Mülltrennung


Der Niedersächsische Städtetag veröffentlicht Zahlen zur Mülltrennung.


Mülltrennung "Tatkräftig und ohne Bezahlung häufen die Bürger in Deutschland Jahr für Jahr einen Riesenberg an Rohstoffen auf. Rund 20,5 Millionen Tonnen ausgelesene Zeitungen, leer getrunkene Glasflaschen, ausgediente Verpackungen und Essensreste haben die Bundesbürger 2008 vor der grauen Restmülltonne bewahrt und fein säuberlich sortiert, damit daraus wieder Brauchbares entstehen kann. Ohne die Mülltrennung käme mehr als doppelt so viel Abfall in die Verbrennungsanlagen. Insgesamt fielen bei den Haushalten rund 37,2 Millionen Tonnen Abfall an, 200 000 Tonnen weniger als im Vorjahr. Mehr als die Hälfte - 55 Prozent - wird wiederverwertet. Jeder Einwohner verursachte im Durchschnitt rund 202 Kilo Haus- und Sperrmüll, 143 Kilo waren Wertstoffe wie Papier, Glas und Verpackungen. Knapp 107 Kilo organische Abfälle wie Essensreste oder Gartenabfälle wanderten in die Bio-Tonne. Anders als Erdöl, Kohle und Gas wird es Müll zwar immer geben. Mehr Abfall wird aber nicht zusammenkommen, im Gegenteil: Politisch ist Vermeidung gewollt. Seit 2003 ist die Menge in Deutschland ungefähr gleich geblieben, nach dem derzeitigen Stand ist auch die Abfalltrennung ausgereizt.
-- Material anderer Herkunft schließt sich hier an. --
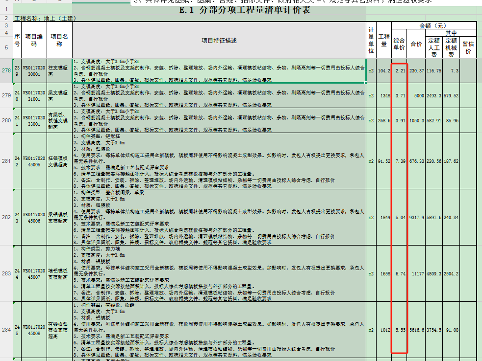 6.最高投标限价文件【地上(土建)】清单中,第238至第245项,综合单价偏低,根据设计图纸,本项目高支模高度为3.6m至8m,即超高支模高度最大4.4m,最高投标限价综合单价仅计取超高支模高度1m,请复核。
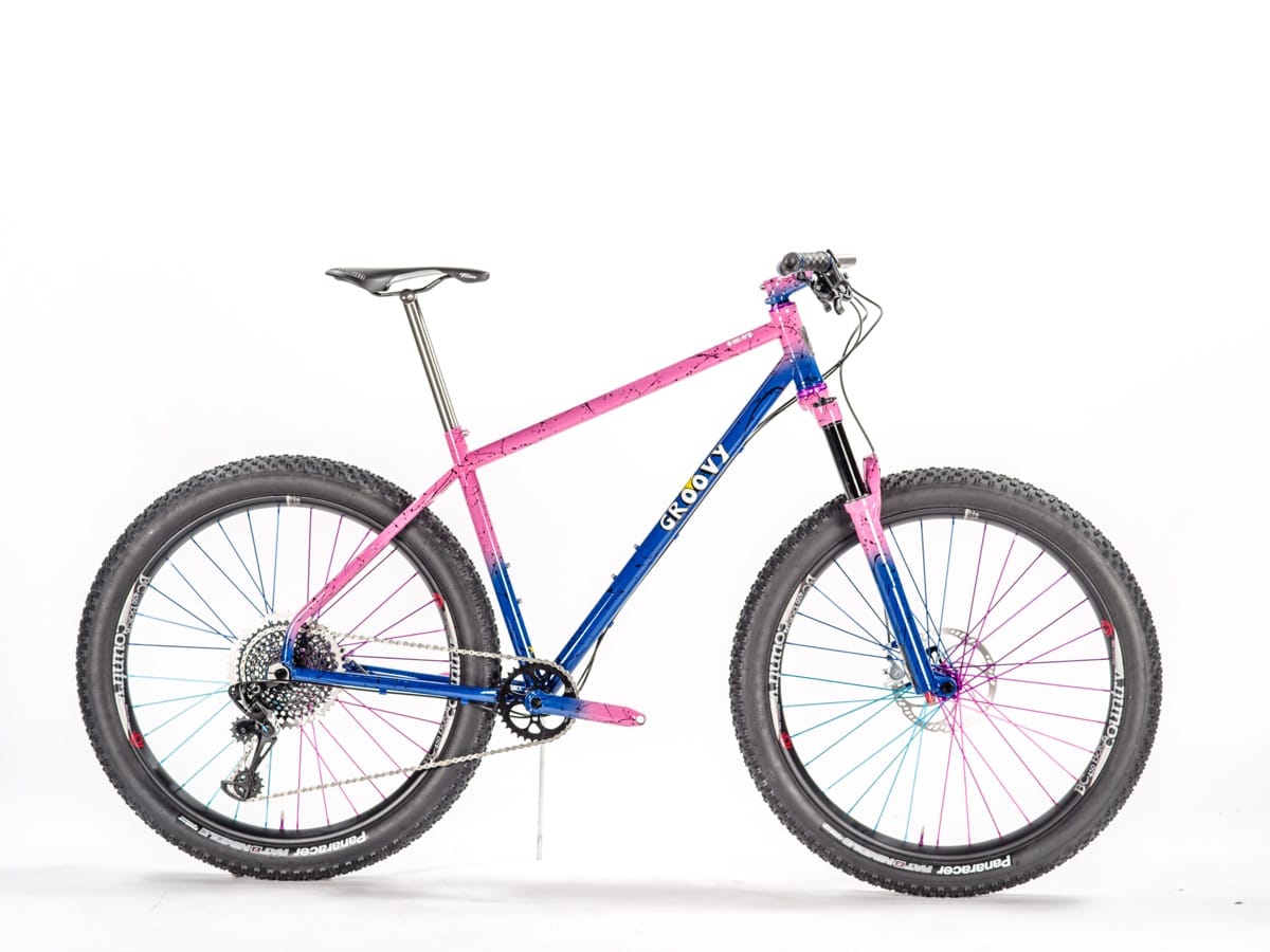 This pink and blue splattery spackley number is by Groovy Cycleworks LLC.
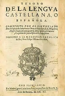 The Tesoro de la lengua castellana o española (Thesaurus of Castilian or Spanish Language) is a dictionary of the Spanish language, written by Sebastián de Covarrubias in 1611.
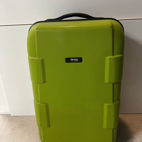 Trillekoffert / kabinkoffert i svart tekstil. Kofferten har to hjul, uttrekkbart teleskophåndtak og bærehåndtak på toppen. Innvendig er det stropper for å holde innholdet på plass, samt en glidelåslomme i lokket. Egnet som håndbagasje avhengig av flyselskapets målkrav. Den er lite brukt og er i god stand.
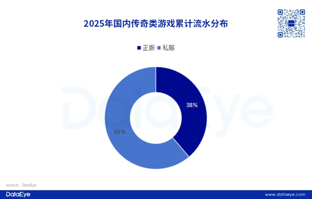 DataEye研究院根据公开数据进行测算,2025年传奇类游戏用户手游(正版 + 私服)用户规模约为5940万人,同比增长约2.5%,整体用户规模呈现持续上涨的趋势。2025年手游用户占总用户62%,是绝对的主导力量。作为传奇类游戏的主力军,传奇类手游的正版用户大幅度领先私服用户,这意味着在传奇版权合规的大趋势下,手游玩家是传奇厂商格外重视的用户群体。

Und so schielen die Fachleute bereits auf die Abermillionen Tonnen alten Hausmülls, die jahrzehntelang unbehandelt und unsortiert auf Deponien geworfen wurden, bis diese 2005 verboten wurden. Seitdem wandert das, was gar nicht mehr brauchbar ist, in die Müllöfen." (NST-Umwelt-Info-Beitrag Nr. 3.15 / 2010 vom 23. März 2010).

Rotenburg (Wümme) hat daran auch seinen Anteil. Dank sei allen Bürgerinnen und Bürgern für dieses umweltbewusste Verhalten.